Why the impact is higher in practice: An ms-agent process running as a developer on a workstation or in a CI environment typically holds:
- LLM provider API keys (ANTHROPIC_API_KEY, OPENAI_API_KEY, AWS Bedrock IAM creds, etc.)
- Cloud credentials (~/.aws/credentials, GOOGLE_APPLICATION_CREDENTIALS, etc.)
- Shell history with secrets
- SSH private keys
- npm/PyPI publish tokens
A single exploited command injection exfiltrates all of the above — behavior closer to a cloud-account compromise than a typical CVSS 6.5 vulnerability. This is the same amplification pattern documented in LangSmith CVE-2026-25750, LiteLLM CVE-2026-42208, and other AI-framework CVEs.
Am I affected?
# Check if ms-agent is installed
pip show ms-agent 2>/dev/null | grep -E '^(Name|Version):'
# Check the version
python -c "import agent; print(agent.__version__)" 2>/dev/null
# Check for ms-agent in requirements files
grep -r "ms-agent\|modelscope.*agent" requirements*.txt pyproject.toml setup.py 2>/dev/null
You are affected if:
- You have ms-agent ≤ v1.6.0rc1 installed, AND
- The agent can process any externally-supplied content (documents, web pages fetched via tools, API/MCP results, logs, user input, or any text not written directly by you)
All versions through v1.6.0rc1 are vulnerable.
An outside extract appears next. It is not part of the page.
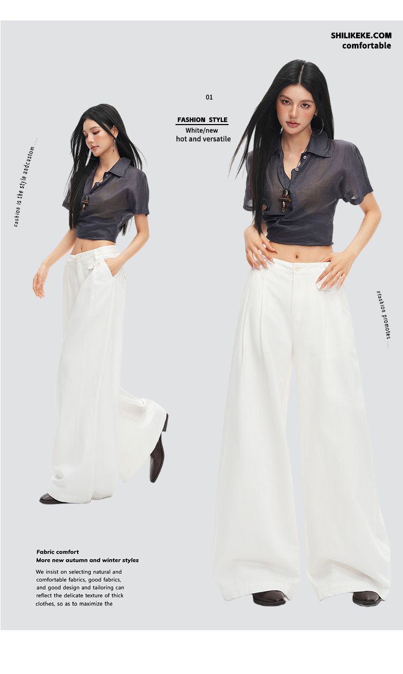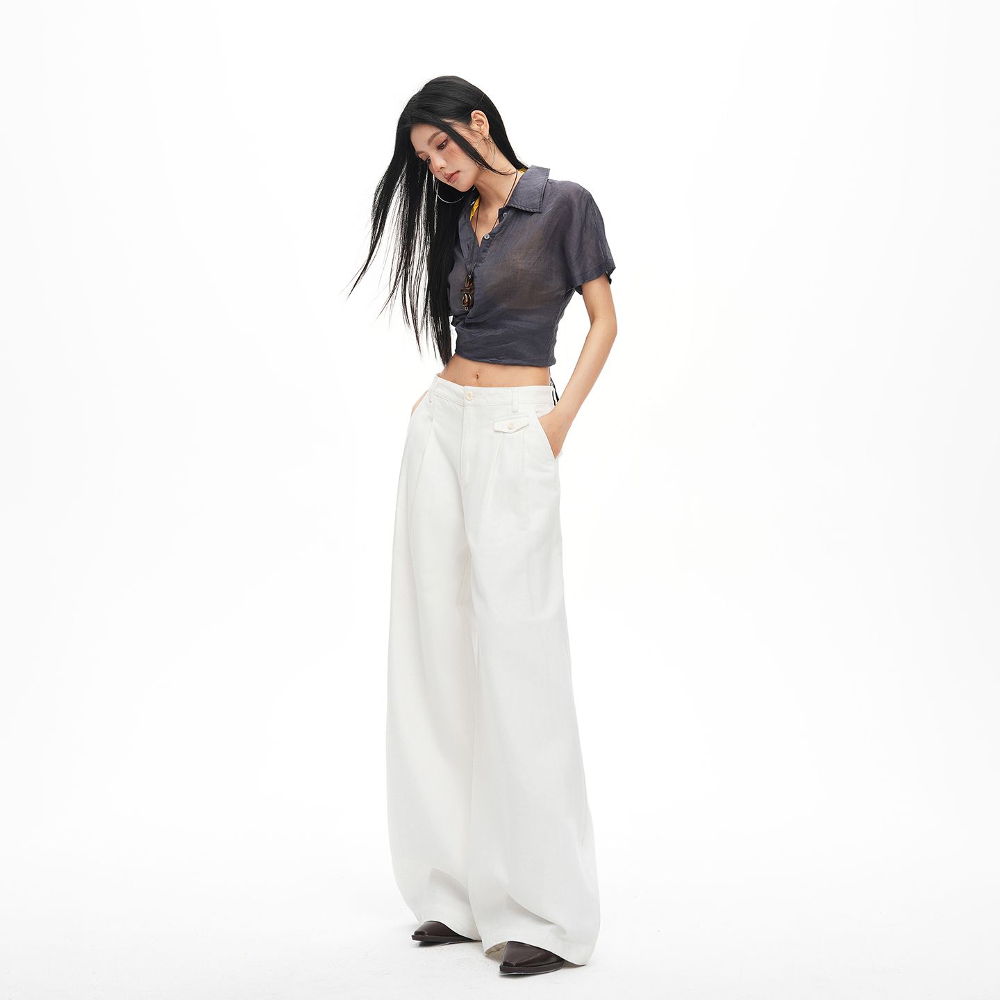 26 년 봄 여름 새로운 아메리칸 레트로 핫걸 중 하이웨이스트 슬림해 보이는 루즈핏 스트레이트 와이드 레그 팬츠 아이들

There is no patched version.
IOCs
| Type | Value |
|---|---|
| CVE | CVE-2026-2256 |
| Affected versions | ms-agent ≤ v1.6.0rc1 (all known versions) |
| Fixed version | None — no patch available |
| CWE | CWE-77 (Command Injection) |
| CVSS 3.1 | 6.5 MEDIUM (AV:N/AC:L/PR:N/UI:N/S:U/C:L/I:L/A:N; NIST assessment pending) |
| CERT/CC | VU#431821 |
| Published | 2026-03-02 |
| Public PoC | Yes (listed in NVD advisory) |
| Patch | None — vendor unresponsive to CERT/CC |
If you are affected
- Do not feed ms-agent any untrusted content until a patch is available — documents, URLs to fetch, files from external repos, or any data source you do not fully control.
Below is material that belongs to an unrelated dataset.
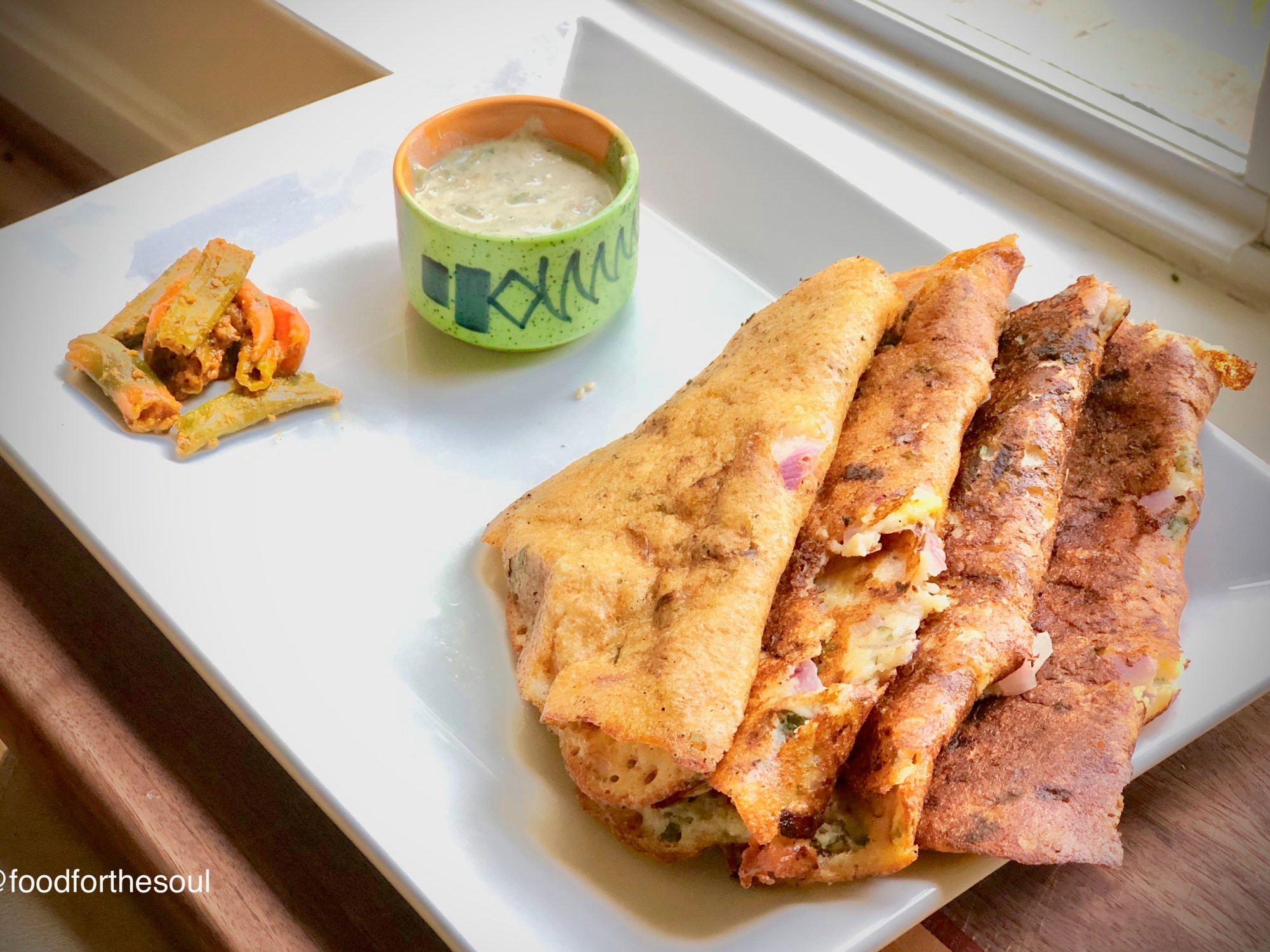Its hot and humid but soaking in the warmth while browsing cookbooks is how I tend to enjoy my weekend afternoon. I was looking a vegan lunch idea and stumbled upon so many wonderful “Chilla” recipes, These crepes called “Chilla” or “Cheela” are so simple, wholesome and savory that I couldn’t wait to experiment with a version of my own.

- Sandbox the agent process — run it inside a Docker container, VM, or
firejailjail with network egress blocked to everything except required LLM API endpoints. - Audit recent agent sessions for unexpected shell commands in agent output logs (look for curl, wget, base64, python -c, or eval calls you did not initiate).
- Rotate credentials accessible from the agent's environment if it processed any untrusted content before today.
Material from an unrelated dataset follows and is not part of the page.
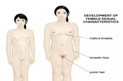 图5. 青春期第二性征发育(摘自google图片)。处在青春期女孩,其垂体分泌黄体生成素和卵泡刺激素,刺激位于下游的卵巢产生雌激素、孕激素、雄激素等性激素,从而完成第二性征的发育,比如规律月经、乳房和臀部发育、体毛生成等。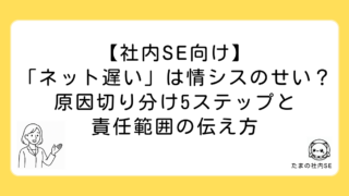 「ネット遅い」と言われた社内SE向けに、原因切り分け5ステップと責任範囲を明確にする伝え方を解説。PC側・社内NW・ISP・サービス側の4分類で問題を特定し、情シスのせいにされない対応術を紹介します。

- Monitor the ms-agent GitHub repository for a security patch; as of 2026-06-22 the vendor has not responded to CERT/CC coordination.
→ playbooks/rotating-cloud-credentials.md → prevention/agent-sandboxing.md
Prevention
- Prefer allowlists over denylists for command validation in AI agent Shell tools. CWE-77 via regex blacklist is a class of bug, not a one-off: Flowise CVE-2025-59528 (
eval(mcpServerConfig)), Microsoft Semantic Kernel decorator-as-documentation, and Langflow CVE-2026-33017 all stem from "the check function is documentation, not a security boundary." - Isolate agents that can execute shell commands. Any agent with a shell primitive is a potential RCE waiting for the right crafted input. Run it in a minimal container with read-only filesystem mounts and only the specific network endpoints it needs.
- Treat LLM provider keys as secrets, not config. If the agent process holds an
ANTHROPIC_API_KEY, mount it from a secrets manager at runtime rather than baking it into environment variables — so credential rotation doesn't require rebuilding containers.
→ prevention/agent-sandboxing.md → prevention/credential-hygiene.md
Sources
- SecurityWeek — Vulnerability in MS-Agent AI Framework Can Allow Full System Compromise — primary disclosure coverage, technical details on bypass mechanism and impact.
- NVD — CVE-2026-2256 Detail — canonical CVE record; CVSS 6.5 MEDIUM (CISA-ADP; NIST assessment pending), CWE-77, affected versions, PoC reference.
- CERT/CC — VU#431821 — coordination advisory documenting vendor non-response and confirming unpatched status.